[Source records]
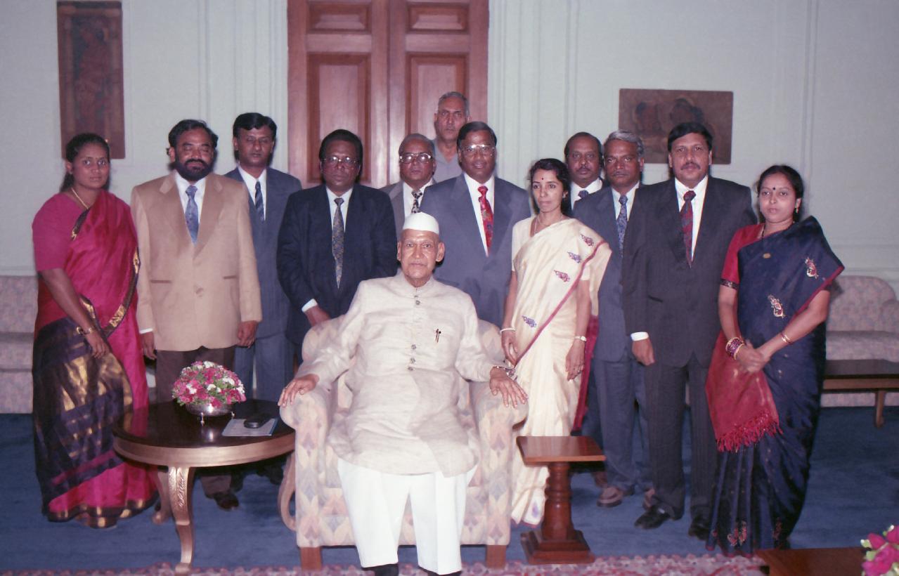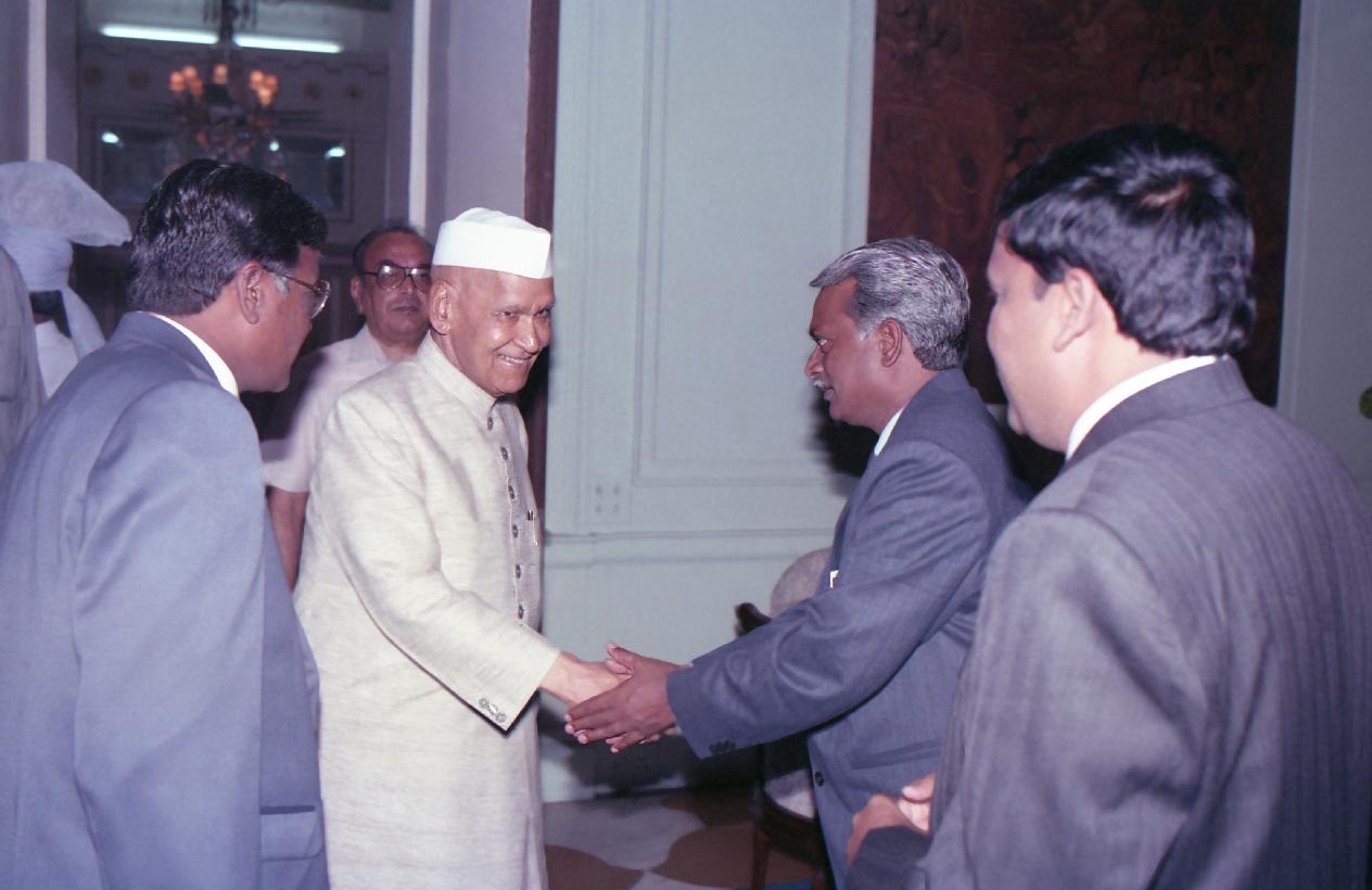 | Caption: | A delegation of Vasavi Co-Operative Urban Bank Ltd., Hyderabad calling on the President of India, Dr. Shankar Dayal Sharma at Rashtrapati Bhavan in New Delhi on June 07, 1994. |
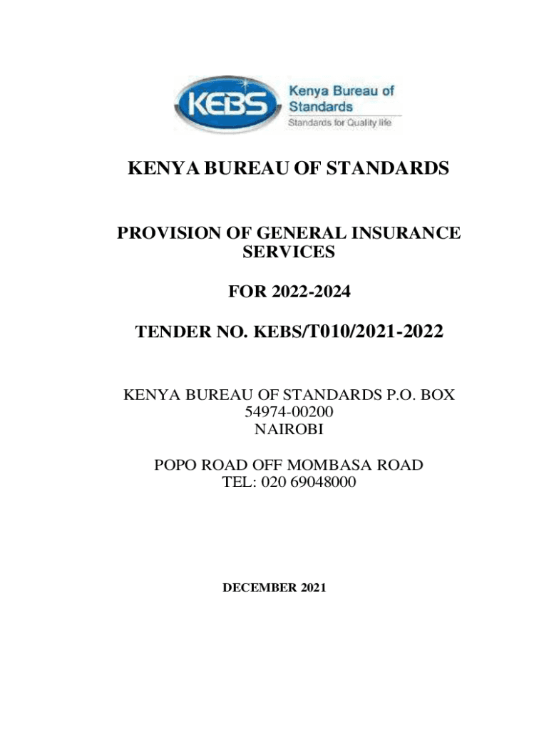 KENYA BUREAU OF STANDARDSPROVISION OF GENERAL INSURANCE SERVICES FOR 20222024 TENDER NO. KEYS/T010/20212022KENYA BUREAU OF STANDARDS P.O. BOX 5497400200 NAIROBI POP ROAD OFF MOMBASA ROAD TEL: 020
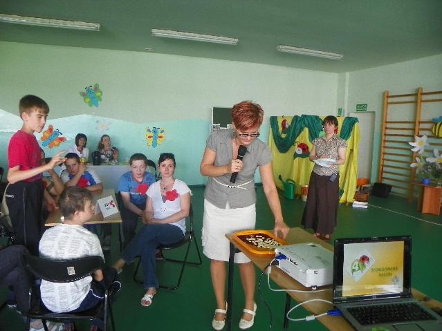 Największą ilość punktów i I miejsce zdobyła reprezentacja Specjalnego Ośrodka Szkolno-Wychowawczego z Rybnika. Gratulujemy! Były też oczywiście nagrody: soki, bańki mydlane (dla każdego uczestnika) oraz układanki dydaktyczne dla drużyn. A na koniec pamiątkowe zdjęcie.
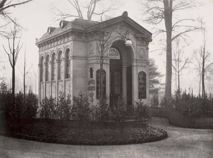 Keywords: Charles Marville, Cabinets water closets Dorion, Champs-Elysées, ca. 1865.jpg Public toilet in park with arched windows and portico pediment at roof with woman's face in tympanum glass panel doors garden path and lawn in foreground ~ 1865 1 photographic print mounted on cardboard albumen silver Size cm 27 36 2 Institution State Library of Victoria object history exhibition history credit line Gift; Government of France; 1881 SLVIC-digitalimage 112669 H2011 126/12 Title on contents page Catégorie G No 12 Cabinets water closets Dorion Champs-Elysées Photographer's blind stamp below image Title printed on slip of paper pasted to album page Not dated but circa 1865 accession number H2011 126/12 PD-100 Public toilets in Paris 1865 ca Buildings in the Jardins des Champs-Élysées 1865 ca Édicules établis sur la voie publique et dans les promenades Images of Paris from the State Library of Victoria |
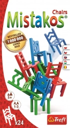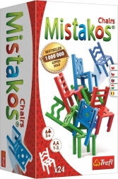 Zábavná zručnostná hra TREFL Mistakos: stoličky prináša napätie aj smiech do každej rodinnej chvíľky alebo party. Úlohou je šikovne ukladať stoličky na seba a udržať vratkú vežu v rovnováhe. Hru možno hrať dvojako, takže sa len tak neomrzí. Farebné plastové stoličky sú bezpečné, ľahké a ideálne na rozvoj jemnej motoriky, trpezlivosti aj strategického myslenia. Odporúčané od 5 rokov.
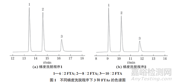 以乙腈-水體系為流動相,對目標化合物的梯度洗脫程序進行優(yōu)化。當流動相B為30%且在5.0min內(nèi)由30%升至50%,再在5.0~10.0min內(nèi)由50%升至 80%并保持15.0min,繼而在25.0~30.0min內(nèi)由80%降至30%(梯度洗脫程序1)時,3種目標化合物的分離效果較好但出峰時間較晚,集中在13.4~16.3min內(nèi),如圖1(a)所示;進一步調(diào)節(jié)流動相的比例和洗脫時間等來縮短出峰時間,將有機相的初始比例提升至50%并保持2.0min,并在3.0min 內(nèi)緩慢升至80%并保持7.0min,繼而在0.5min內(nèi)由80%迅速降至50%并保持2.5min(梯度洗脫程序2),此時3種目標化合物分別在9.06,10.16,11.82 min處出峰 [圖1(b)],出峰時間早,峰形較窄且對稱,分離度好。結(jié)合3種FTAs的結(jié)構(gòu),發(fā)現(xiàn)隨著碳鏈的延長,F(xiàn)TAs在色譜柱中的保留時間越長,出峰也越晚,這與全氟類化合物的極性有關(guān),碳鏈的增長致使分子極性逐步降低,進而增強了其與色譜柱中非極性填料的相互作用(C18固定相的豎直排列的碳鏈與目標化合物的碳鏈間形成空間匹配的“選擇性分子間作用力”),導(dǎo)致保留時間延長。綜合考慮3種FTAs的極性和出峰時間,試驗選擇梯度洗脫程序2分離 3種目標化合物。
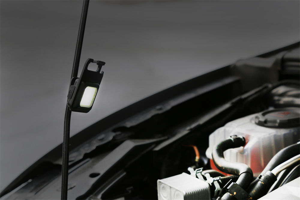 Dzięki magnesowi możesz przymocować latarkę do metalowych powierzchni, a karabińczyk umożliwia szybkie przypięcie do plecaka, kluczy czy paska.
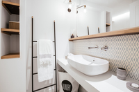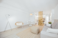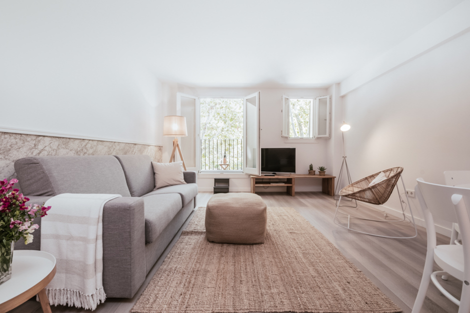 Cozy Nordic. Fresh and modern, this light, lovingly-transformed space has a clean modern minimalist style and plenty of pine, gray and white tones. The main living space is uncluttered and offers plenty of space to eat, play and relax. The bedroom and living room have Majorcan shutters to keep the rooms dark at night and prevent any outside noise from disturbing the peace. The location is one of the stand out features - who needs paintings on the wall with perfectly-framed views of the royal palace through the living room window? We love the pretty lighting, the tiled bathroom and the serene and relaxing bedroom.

→ TASK DETAILS
Every line from the top of the records above to the line with "KENYA BUREAU OF STANDARDSPROVISION", inclusive, should be duplicated exactly, minus the pictures.

→ ANSWER BOX
 | Caption: | A delegation of Vasavi Co-Operative Urban Bank Ltd., Hyderabad calling on the President of India, Dr. Shankar Dayal Sharma at Rashtrapati Bhavan in New Delhi on June 07, 1994. |
 KENYA BUREAU OF STANDARDSPROVISION OF GENERAL INSURANCE SERVICES FOR 20222024 TENDER NO. KEYS/T010/20212022KENYA BUREAU OF STANDARDS P.O. BOX 5497400200 NAIROBI POP ROAD OFF MOMBASA ROAD TEL: 020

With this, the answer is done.